Creation of HFIles using Hive to HBase integration

Creation of HFIles using Hive to HBase integration

Contributor

Hi Guys,

I have successfully implemented the logic provided under the link https://community.hortonworks.com/articles/2745/creating-hbase-hfiles-from-an-existing-hive-table.ht....

However, this example corresponds to a HBase table with a single column family. How can I go ahead with HBase table with multiple column families using similar examples?

Need you help.

Thanks and Regards,

Rajdip

4 REPLIES 4
Highlighted

Re: Creation of HFIles using Hive to HBase integration

hey rajdjp

this link light have more info for you : http://hortonworks.com/blog/hbase-via-hive-part-1/

essentially in the serde properties you will map hive columns to hbase columns including column families: Here column families are depicted fy 'f' so cf1:c1 is colmun family : cf1 and column c1

WITH SERDEPROPERTIES (‘hbase.columns.mapping’ = ‘:key,f:c1,f:c2’)

so if you did something like this assuming the column names coincide

CREATE TABLE foo(rowkey STRING, a STRING, b STRING) STORED BY ‘org.apache.hadoop.hive.hbase.HBaseStorageHandler’ WITH SERDEPROPERTIES (‘hbase.columns.mapping’ = ‘:key,cf1:a,cf2:b’) TBLPROPERTIES (‘hbase.table.name’ = ‘bar’);

hope this helps

Re: Creation of HFIles using Hive to HBase integration

Super Collaborator

It's not possible using the scenario with completebulkload because HBase storage handler in Hive is using old HFileOutputFormat.

Re: Creation of HFIles using Hive to HBase integration

Contributor

I have done the following steps, but stuck at the last step. Need your help on that.

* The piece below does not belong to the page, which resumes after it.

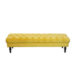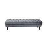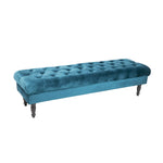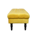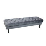 A modern, decorative bench with wooden legs. The upholstery is soft and high quality, the padded top is comfortable and not easily deformed. The bench can be used in any room in the house as a seat, footrest or feature piece.

1) Created a csv with 5 records

2) Created an external table in Hive pointing to the HDFS directory containing CSV

3) Created a Hive-HBase table with below DDL

CREATE TABLE hbase_cdc_poc.hbase_warehouse (w_warehouse_sk int, w_warehouse_id char(16), w_warehouse_name varchar(20), w_warehouse_sq_ft int, w_street_number char(10), w_street_name varchar(60), w_street_type char(15), w_suite_number char(10), w_city varchar(60), w_county varchar(30), w_state char(2), w_zip char(10), w_country varchar(20), w_gmt_offset decimal(5,2) ) stored as INPUTFORMAT 'org.apache.hadoop.mapred.TextInputFormat' OUTPUTFORMAT 'org.apache.hadoop.hive.hbase.HiveHFileOutputFormat' TBLPROPERTIES ('hfile.family.path' = '/user/tcs_ge_user/wrhs_hfiles/cf1');

4) Loaded data into above table using below and verified the count. It matched

insert overwrite table hbase_cdc_poc.hbase_warehouse select * from hbase_cdc_poc.warehouse cluster by w_warehouse_sk;

5) HFile also got created at the path /user/tcs_ge_user/wrhs_hfiles/cf1. Screenshot attached.

10706-capture.png

6) Now using completebulkload to load data in HBase. Table warehouse is created in HBase already.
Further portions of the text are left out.